(Records contained in a dataset)
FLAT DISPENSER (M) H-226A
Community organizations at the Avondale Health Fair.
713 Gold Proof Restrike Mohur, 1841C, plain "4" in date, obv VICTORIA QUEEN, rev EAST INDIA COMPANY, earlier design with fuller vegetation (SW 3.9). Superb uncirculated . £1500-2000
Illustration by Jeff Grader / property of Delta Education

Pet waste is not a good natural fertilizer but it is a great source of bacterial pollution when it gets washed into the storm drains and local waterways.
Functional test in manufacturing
---
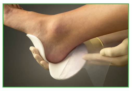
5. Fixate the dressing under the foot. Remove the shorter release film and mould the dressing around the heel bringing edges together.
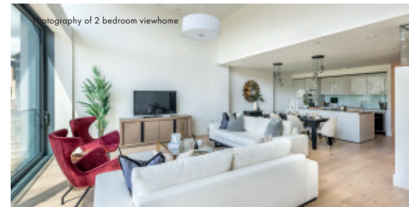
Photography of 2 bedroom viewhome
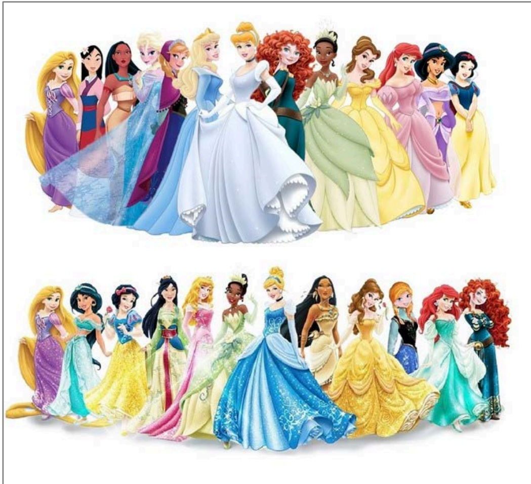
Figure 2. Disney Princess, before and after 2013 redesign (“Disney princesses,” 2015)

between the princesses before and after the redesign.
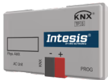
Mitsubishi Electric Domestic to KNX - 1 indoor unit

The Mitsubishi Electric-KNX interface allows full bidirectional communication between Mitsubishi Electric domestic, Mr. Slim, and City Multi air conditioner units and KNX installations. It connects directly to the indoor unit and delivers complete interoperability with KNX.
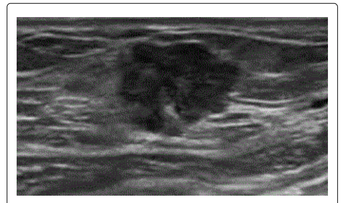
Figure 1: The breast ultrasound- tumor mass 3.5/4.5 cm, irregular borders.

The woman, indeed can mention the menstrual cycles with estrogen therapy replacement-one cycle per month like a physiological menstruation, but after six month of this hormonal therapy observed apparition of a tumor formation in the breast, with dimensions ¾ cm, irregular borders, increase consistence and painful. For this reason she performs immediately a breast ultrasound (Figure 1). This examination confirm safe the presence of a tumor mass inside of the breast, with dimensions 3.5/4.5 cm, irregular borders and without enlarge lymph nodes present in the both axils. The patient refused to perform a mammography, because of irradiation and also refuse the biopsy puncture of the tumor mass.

Description of the task ▸ Pictures excluded, reproduce only the part above that opens with the line holding "between the princesses" and closes with the line holding "Figure 1: The", exactly as written.

Exercise output ▸
between the princesses before and after the redesign.
Mitsubishi Electric Domestic to KNX - 1 indoor unit

The Mitsubishi Electric-KNX interface allows full bidirectional communication between Mitsubishi Electric domestic, Mr. Slim, and City Multi air conditioner units and KNX installations. It connects directly to the indoor unit and delivers complete interoperability with KNX.
Figure 1: The breast ultrasound- tumor mass 3.5/4.5 cm, irregular borders.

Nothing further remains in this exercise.